Был убит и Алибей. Увы, не спасли несчастного ни написанные на тонком листке папируса заклинания магрибского чернокнижника, вшитые в пояс, ни добротные дорогие доспехи: тяжелый арбалетный болт, пробив одну из стальных пластин, вошел капитану прямо в сердце. Когда он, хрипя и хватаясь за торчащий из груди болт скользкими от крови ладонями, валился в небытие, суда наконец соприкоснулись…

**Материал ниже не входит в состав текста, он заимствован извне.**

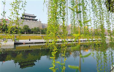 南門附近綠柳成蔭 記者 張宇明 攝
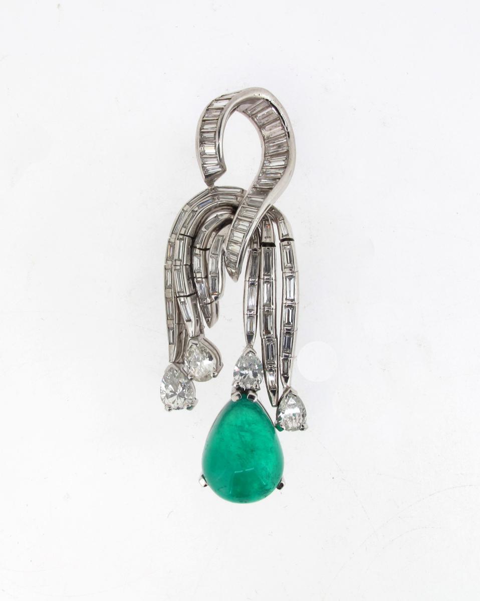 A diamond and emerald pendant, set with baguette shaped diamonds and the articulated drops terminating with four pair shaped diamonds, one also with a larger pear shaped cabochon emerald. Platinum. Circa 1950. 6cm high. Fitted case by S.J.Phillips.
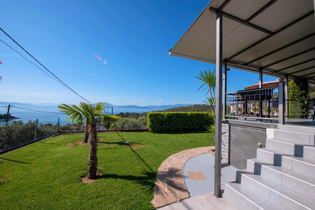 La residència és un pis reformat amb una mida de 100 metres quadrats. Es troba a la planta superior de la nostra casa de vacances a l'assentament costaner de Marathos a Magnesia, a uns 10 km de la ciutat de Volos i a només 100-150 metres de la platja més propera. Té una vista panoràmica de tot el golf Pagasetic. La residència pot allotjar una o més famílies o grups de 2 a 6 persones. Tots els dormitoris són assolellats i tenen una vista panoràmica del mar .
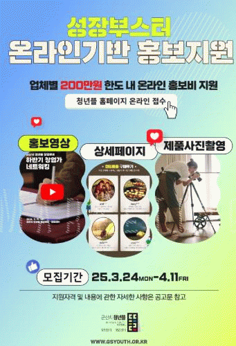 주요 지원 내용은 제품 사진 촬영, 상세페이지 제작, 홍보 영상 제작 등 전문 마케팅 콘텐츠 제작으로 창업가들은 고품질의 시각적 콘텐츠를 확보하여 온라인 마케팅의 효과를 극대화할 수 있을 것으로 기대된다.

Страшен был удар большого, хорошо груженного венецианского нефа. По турецкому флагману от кормы до носа прошел ужасающий треск, и живые оказались лежащими на телах своих мертвых товарищей. Януш был в числе немногих, кто сумел устоять на ногах.

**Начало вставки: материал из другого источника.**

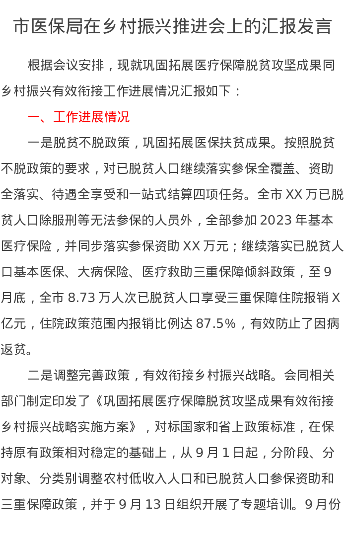 市医保局在乡村振兴推进会上的汇报发言

Вслед за ломающим, крушащим борт ударом в корабль впились хищные когти абордажных крючьев, и с венецианца на залитую кровью палубу споро запрыгали облаченные в защитные панцири солдаты, похожие на надутых, готовых к драке петухов. Перепуганные матросы сразу же стали сдаваться. Янычары, напротив, еще сильнее сомкнули свои сильно поредевшие ряды и обнажили ятаганы, готовые к своей последней схватке. Смерть не особо пугала их, ведь, как учили дервиши, перед каждым павшим в бою с неверными мгновенно распахивались ворота цветущего рая…
Но венецианцы не торопились скрестить с ними мечи. Снова прогремел дружный залп с нефа, и стоящие в передних рядах янычары со стонами и криками повалились на палубу – на такой близкой дистанции пули и арбалетные болты летели точно в цель. А на корабль под их прикрытием прыгали все новые и новые солдаты. Быстро образовав подобие стальной, вскипающей в лучах солнца стены, они наконец ринулись на врага, попутно топча и добивая попадающихся на пути раненых.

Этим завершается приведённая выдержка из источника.